Ana Sayfa » Rus Edebiyatı Klasikleri » Ana : 67
Ana teşekkür etti. Bir yandan bağıra çağıra yemeğin gelişini bildiriyor, bir yandan da fabrikaya egemen olan olağanüstü çalkantıyı gözetliyordu dikkatle. Görünüşe göre bütün işçilerin istimi üzerindeydi. Kümeler oluşturuyor, sonra dağılıp bir atölyeden öbürüne koşuyorlardı. Kurum yüklü havada bir yiğitlik, bir gözüpeklik yeli estiği seziliyordu. Sağdan soldan birbirini yüreklendiren seslenmeler, ya da alaycı haykırışlar yükseliyordu. Yaşlı-başlı işçiler yalnızca gülümsem'ekle yetiniyorlardı. Ustabaşları, kaygılı tavırlarda gidip geliyor, güvenlik görevlileri koşuşuyorlardı. Onları görünce, işçiler ağır ağır dağılıyorlar ya da yerlerinde kalıyor, ama konuşmaları kesip onların öfkeli, kötü niyetli suratlarına bakıyorlardı sessizce.

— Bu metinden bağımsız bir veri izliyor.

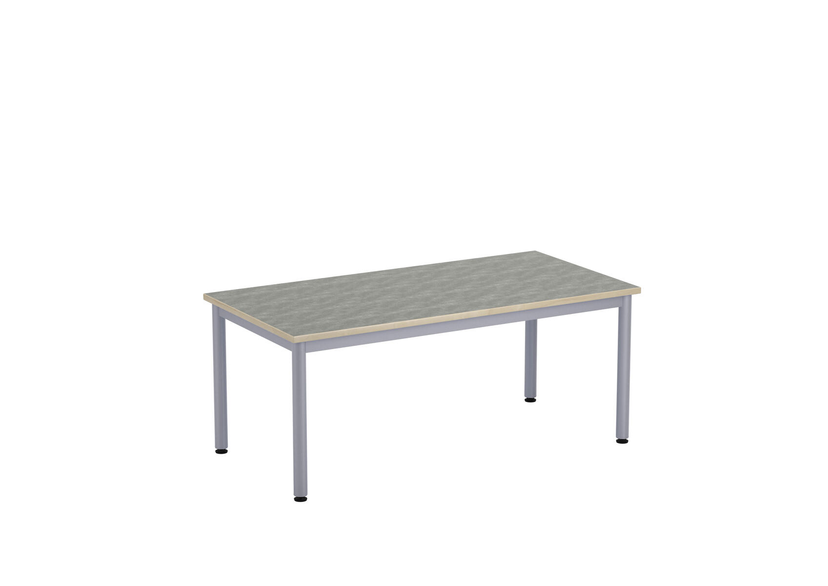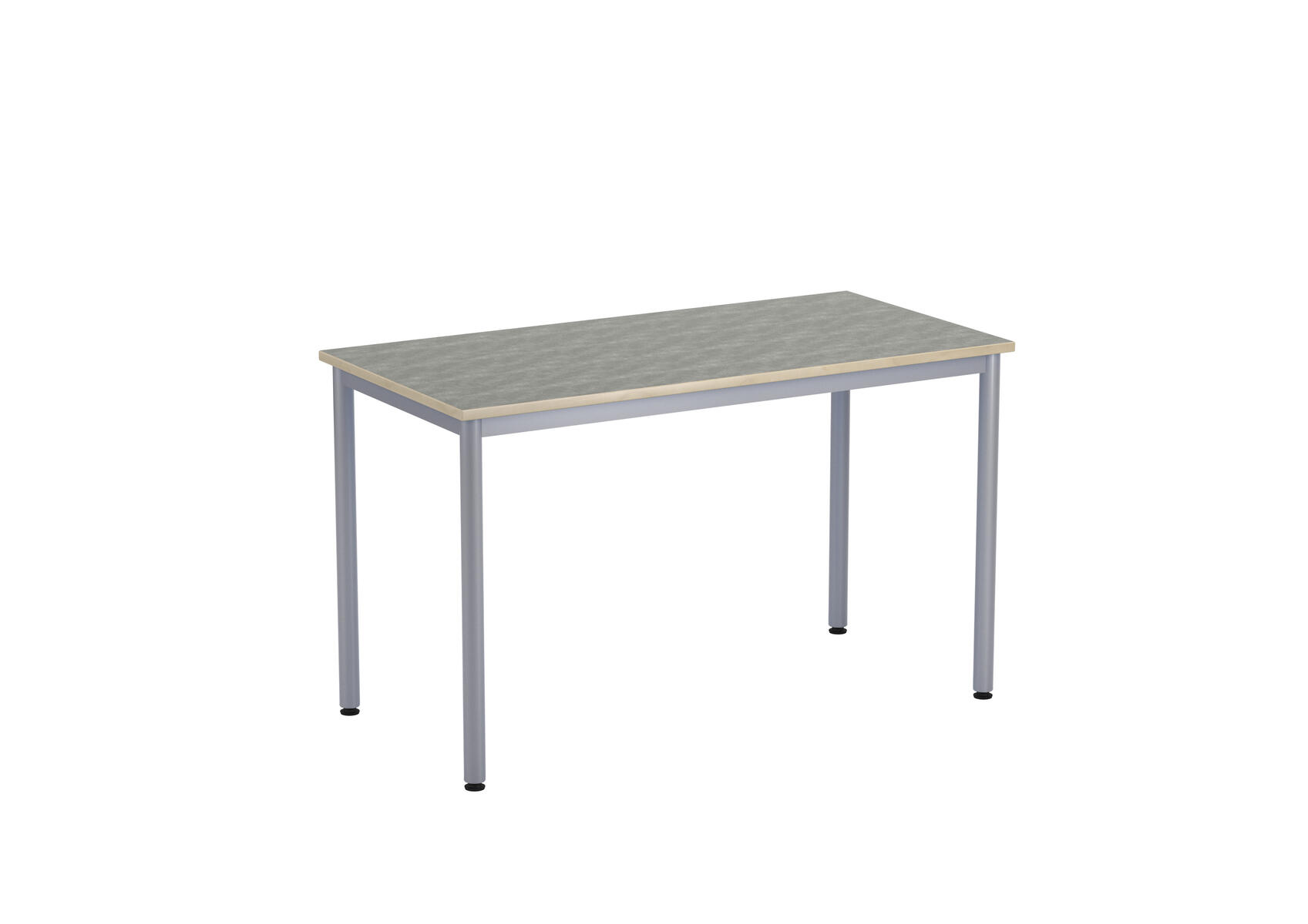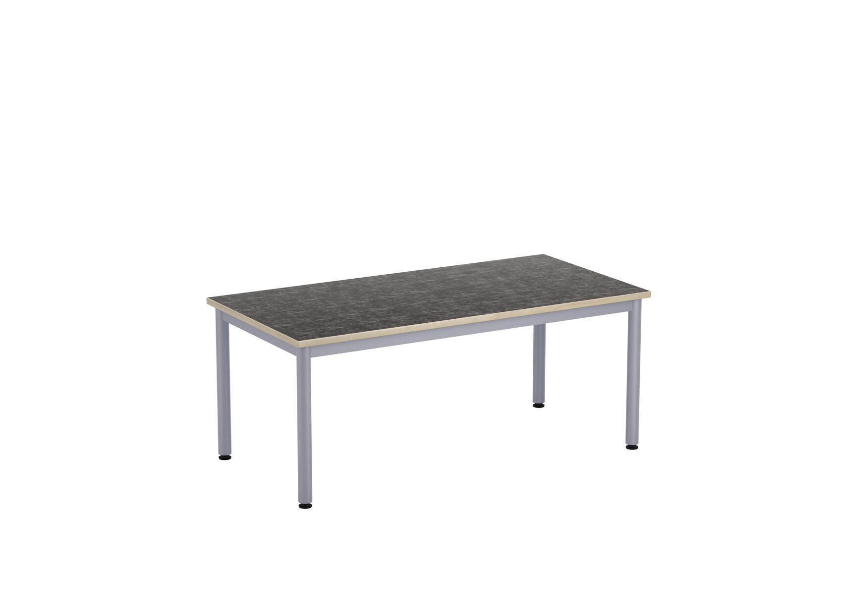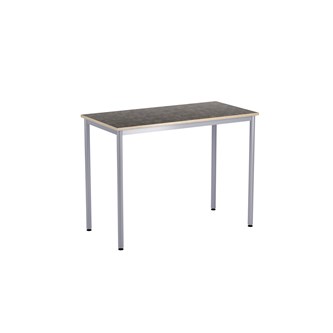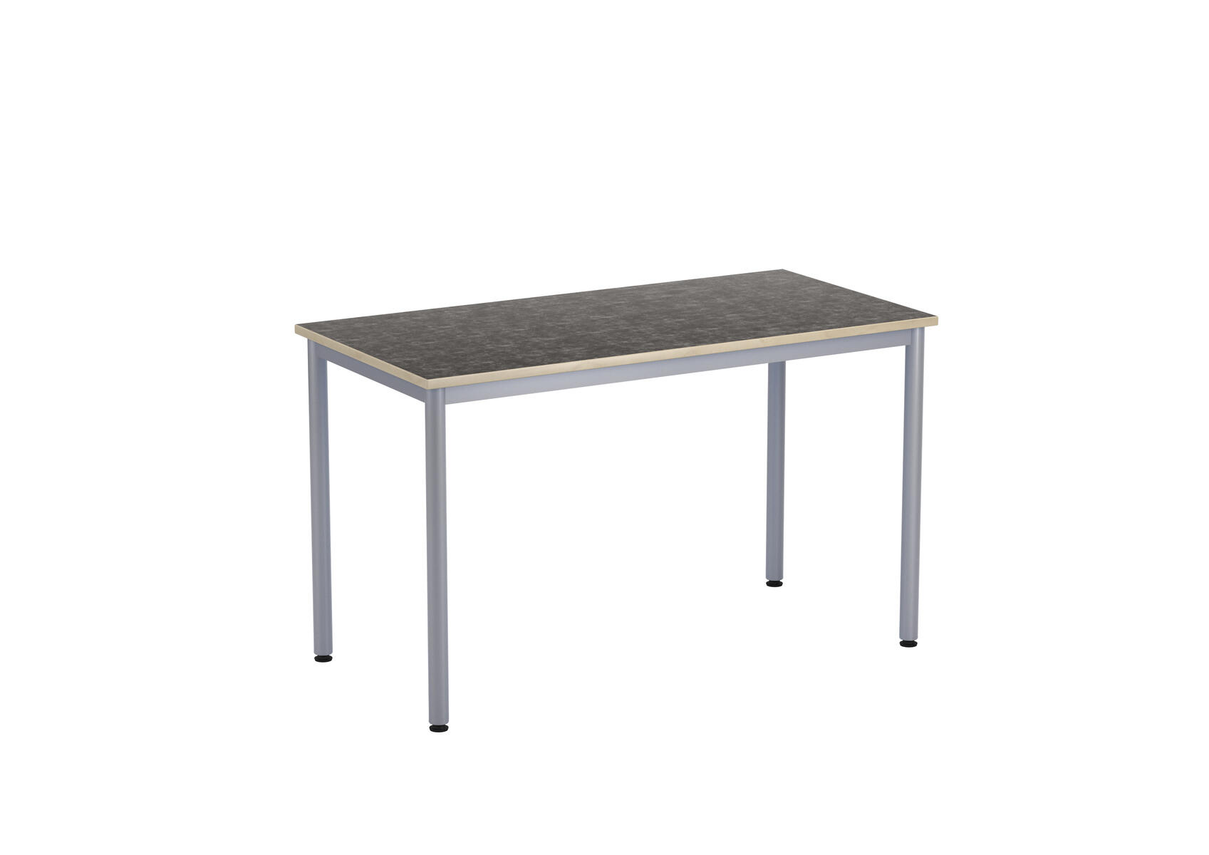 Bordsskiva i laminat. Ställbara tassar för anpassning till ojämna ytor. Stativet lackerat i silver RAL 9006.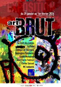 La Galerie Wilson, 23 Avenue du Président Wilson, Blois, organise du jeudi 29 janvier 2026 au dimanche 1er février 2026 une exposition consacrée à l’Art Brut. Artistes : Le Goût des Autres, Le Halo, Clinique de Saumery, Bérengère Palcowski, Karim Mohamed, Jean-Pierre Fredizzi, Carole Saisset, MC Addanck.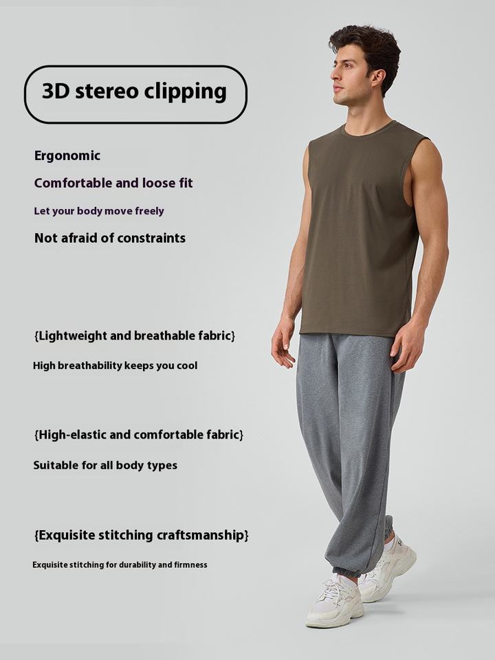 เสื้อกล้ามเล่นกีฬาของผู้ชายเสื้อออกกำลังกายแขนกุดระบายอากาศได้ดีโมดอลไหล่กว้าง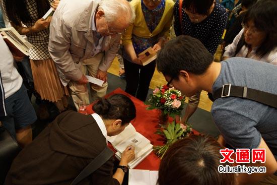 朗誦結(jié)束后,王安憶又與觀眾積極互動,就文學(xué)創(chuàng)作等問題進行了熱烈的交流與探討。不少觀眾紛紛請王安憶簽名并與之合影留念。(閆健)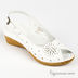 Удобные босоножки выполнены из кожи белого цвета. Верх модели украшен фигурной перфорацией, а мысок декорирован цветочной аппликацией в тон изделию. Небольшая танкетка, анатомическая подошва и мягкий регулируемый ремешок на пятке обеспечат Вам комфорт при носке, поэтому босоножки прекрасно подойдут для длительной прогулки.
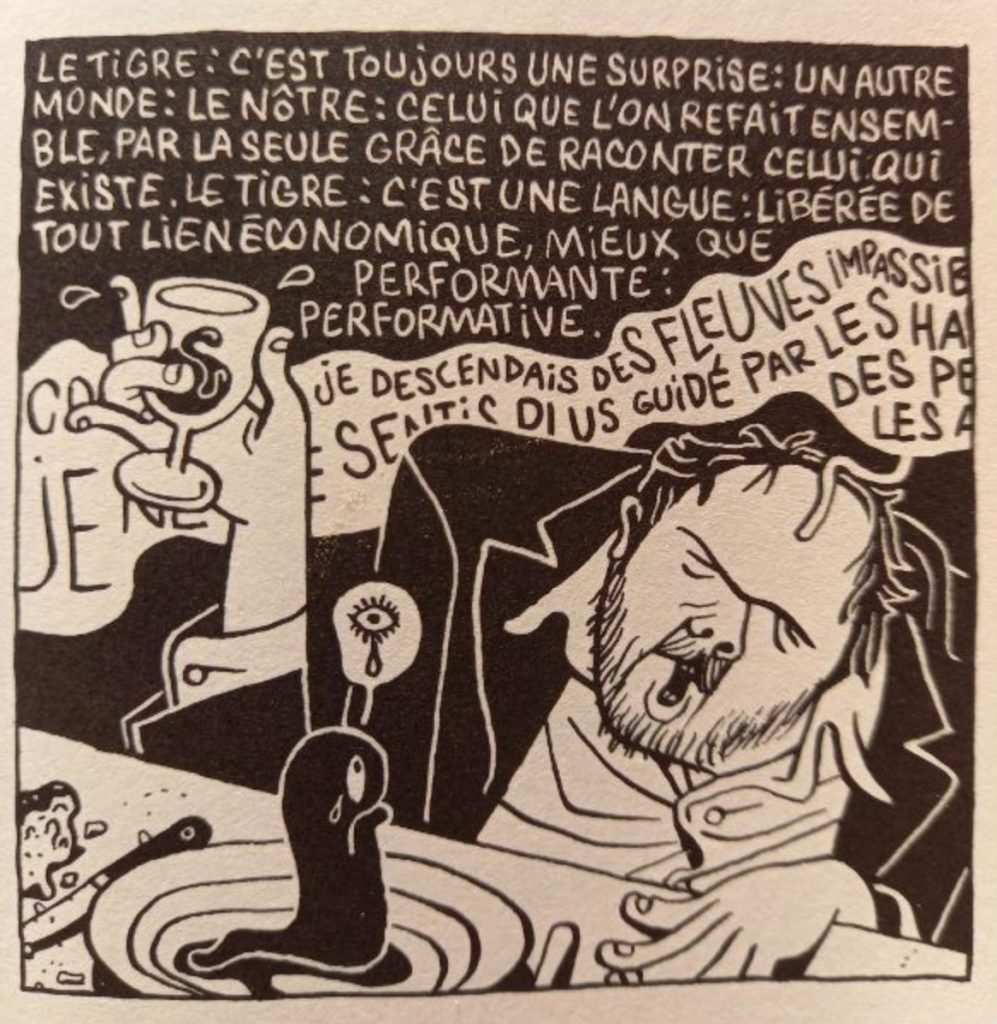 En revanche ! Je publie ci-dessous une case de ce même livre qui est une autre surprise : un autoportrait de Patrice Killoffer aviné déclamant en fin de banquet « Comme je descendais des fleuves impassibles… » Voilà qui me donne l’occasion d’un nouveau post-scriptum au sujet de ma propre obsession pour Le Bateau ivre de Rimbaud.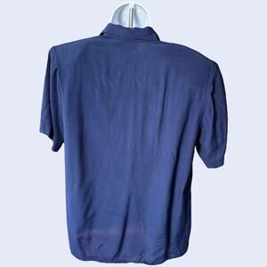 Relaxed camp-collar short-sleeve button shirt in deep navy with a tonal A-monogram chest crest. Drapey, slinky 100% rayon with that soft 90s handfeel. Made in USA. Minimalist/preppy vibe; easy throw-on with denim or trousers. Condition: Good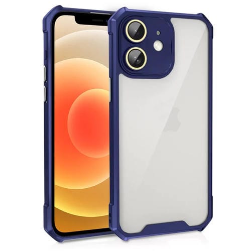 Estuche acrílico para teléfono iPhone 12 a prueba de golpes con Película de vidrio para Lentes (Azul)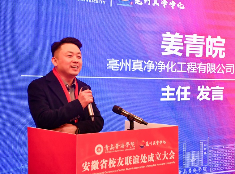 新任主任委员、2006级国际金融专业校友姜青皖在发言中深情回顾了在母校的求学时光。作为亳州真净净化工程有限公司的负责人,他分享了企业在净化工程领域的深耕历程,并阐述了企业品牌“真净”的内涵——“真诚做人,干净做事”。他表示,将不负众望,致力将联谊处打造成为校友间互助互爱、共同发展的坚实平台。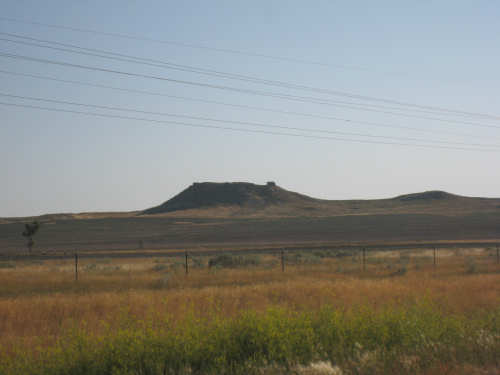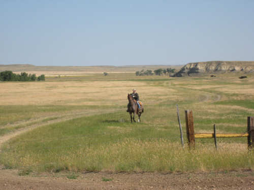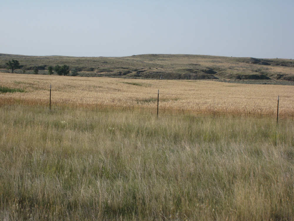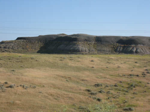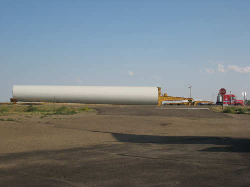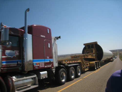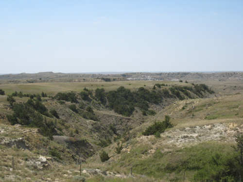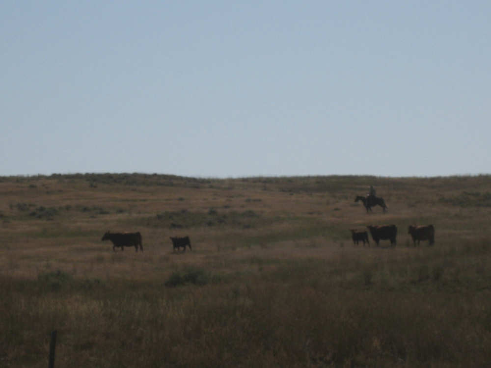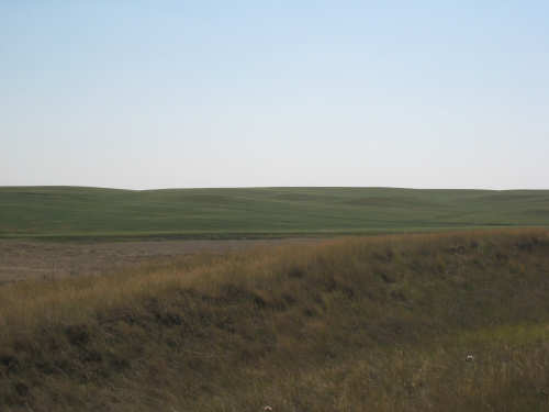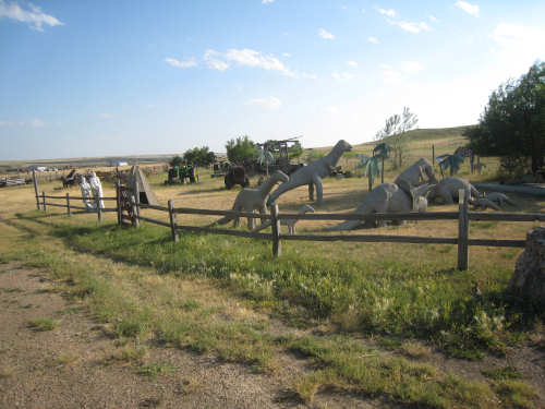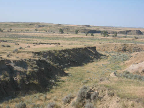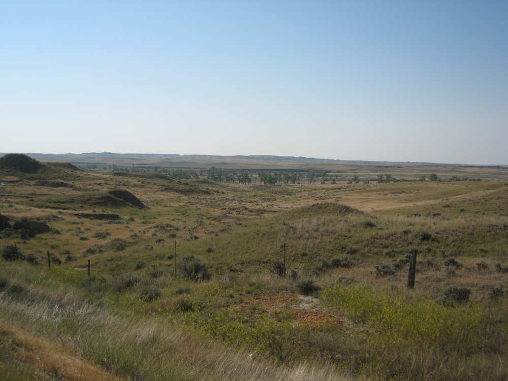 Monday, July 21, 2008 Long, hard day. We went 68-1/2 miles today on a very hilly road, one up and then down after another. It was also a very hot day and we had a fair bit of head wind. Later in the day it turned into a side wind, which didn't help much but at least didn't slow us down as much, and it also helped to cool us off some. One of the main problems, too, was that there were no towns along Hwy. 200 between Jordan and Circle, so we didn't have a nice air-conditioned restaurant to stop and eat lunch or get a cold soda. There were two places that helped in that regard - one was a rest area at the corner of 200 and 24, where we could have turned off to visit the famous Fort Peck, "only 59 miles away". Circle at this point was "only" 31 miles away which is why we chose to go there instead. At any rate, there was some cold water in the water fountains at the rest area, so we refilled our camelbaks there - after 37 miles, they were running a little low (we had more water in bottles on the bike, but it was all hot by then). The other thing that saved us was finding a bar/supper club at the side of the road near the town of Brockway, about 13 miles from Circle. The town itself was too far off the road for us to want to go to, but this bar was right there. The woman who worked there was very nice and chatted with us as Pat drank 2 Pepsis in about 5 seconds flat; I had one in about the same time. She also filled up our camelbaks with ice - by now we had to top them up with the hot bottles of water and getting ice and cold water in them was very much appreciated. She also called our motel to let them know we'd probably be later than 6 pm (we arrived at 6:30). The road also leveled out after Brockway, so we managed the last 13 miles a lot better than we had been doing. We were quite relieved to get into town and find our motel. We ended the day with 7-1/2 bike hours and almost 11 hours of road time (we had to stop and rest a lot towards the end). Our big excitement of the day was seeing a couple of cowboys on horses, rounding up some cattle. We first saw some cattle moving around in a field, then saw that a guy on a horse was behind them, urging them along. He galloped around to the front of the herd next and got them to move back to join the others. The cattle were moaning and groaning about being shoved around, but they moved where they were supposed to. Another cowboy on a horse was coming up from the other side of the road to join in the fun, too. We also got a picture of a cattle tunnel, which we have seen lots of, but never got a picture. Cattle use them to cross underneath the road. And finally, we got some good pictures of the windmill columns that we've seen carted around on wide-load trucks. The terrain today was unusual, too. It started out much the same as usual - crops and pastures with some creeks running through them and some fairly shallow canyons from time to time. At one stretch, however, the canyons and the peaks were quite impressive. The peaks were much taller and the canyons much deeper, and the strata of the rocks were quite different - some dark and cement-like, some pale with red and pale yellow streaks. We had the feeling that Montana was giving us a sneak preview of the North Dakota badlands. After a bit, the land got more level and the crops and pastures reappeared again. |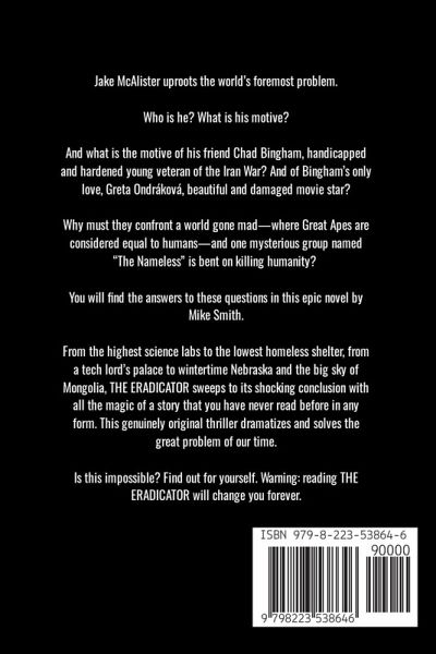 Jake McAlister uproots the world's foremost problem. Who is he? What is his motive? And what is the motive of his friend Chad Bingham, handicapped and hardened young veteran of the Iran War? And of Bingham's only love, Greta Ondráková, beautiful and damaged movie star? Why must they confront a world gone mad-where Great Apes are considered equal to humans-and one mysterious group named "The Nameless" is bent on killing humanity? You will find the answers to these questions in this epic novel by Mike Smith. From the highest science labs to the lowest homeless shelter, from a tech lord's palace to wintertime Nebraska and the big sky of Mongolia, THE ERADICATOR sweeps to its shocking conclusion with all the magic of a story that you have never read before in any form. This genuinely original thriller dramatizes and solves the great problem of our time. Is that impossible? Find out for yourself. Warning: reading THE ERADICATOR will change you forever.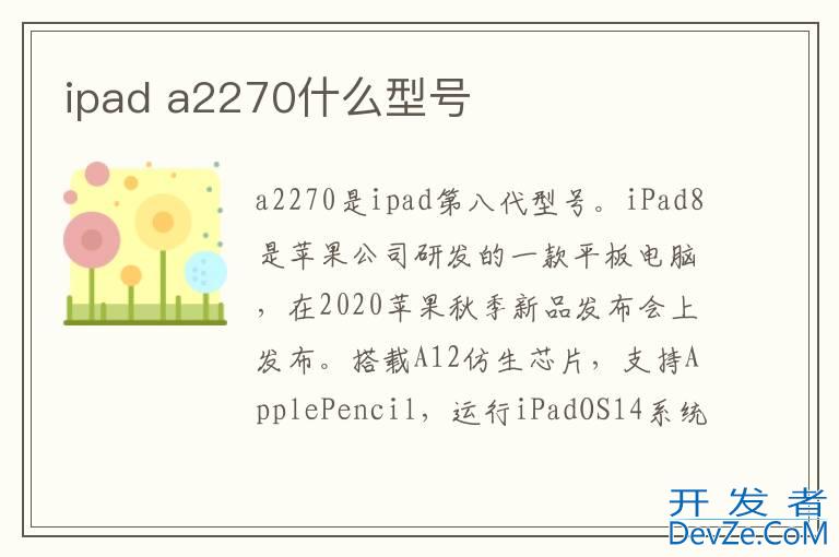 品牌型号:ipad8 系统:iPad airOS14a2270是ipad第八代型号。iPad air8是iPhone公司研发的一款平板电脑,在2020iPhone秋季新品发布会上发布。搭载A12仿生芯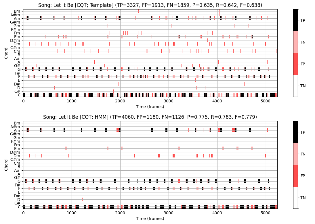 간단한 예시로 비틀즈의 노래를 이용해 화음 인식 절차를 확인해보고, 결과를 해석해본다.

Bütün işçiler yeni yıkanmış gibiydiler. Gusev kardeşlerden büyüğü ordan oraya gidiyordu; kardeşi onu bir gölge gibi izliyor, kahkahalarla gülüyordu.
Marangoz ustası Vavilov ile puantör İsai yavaş yavaş Ana'nın yanından geçtiler. Zayıf, ufak tefek bir adam olan puantör başını dik tutuyor, şişkin, donuk yüzlü marangoza bakmak için boynunu sola eğiyor, sakilini oynatarak hızlı hızlı konuşuyordu:
«Bakınız, İvan İvanoviç gülüyorlar, sevinç içindeler. Oysa Müdür Bey'in söylediği gibi, bu sorun devletin mahvıyla ilişkili. Burada yapılması gereken iş yabanıl otları temizlemek değil, ivan İvanoviç; toprağı sürmek gerek, sürmek!..»
Vavilov ellerini ardında kavuşturmuş olarak yürüyordu. Parmaklarının kasılı olduğu görülüyordu. Yüksek sesle:
«İstediğini yazsın, bassın,» dedi. «Ama benden söz etmeye kalkmasın köp'oğlu»
Vasili Gusev Ana'nın yanına yaklaştı.
«Bugün yine senden yiyeceğim» dedi. «Senin yemeğine doyum olmuyor!»
Ve göz kırparak sesini alçalttı:
«Tam hedefe vurdunuz, Ana; evet, yaman bir iş becerdiniz!»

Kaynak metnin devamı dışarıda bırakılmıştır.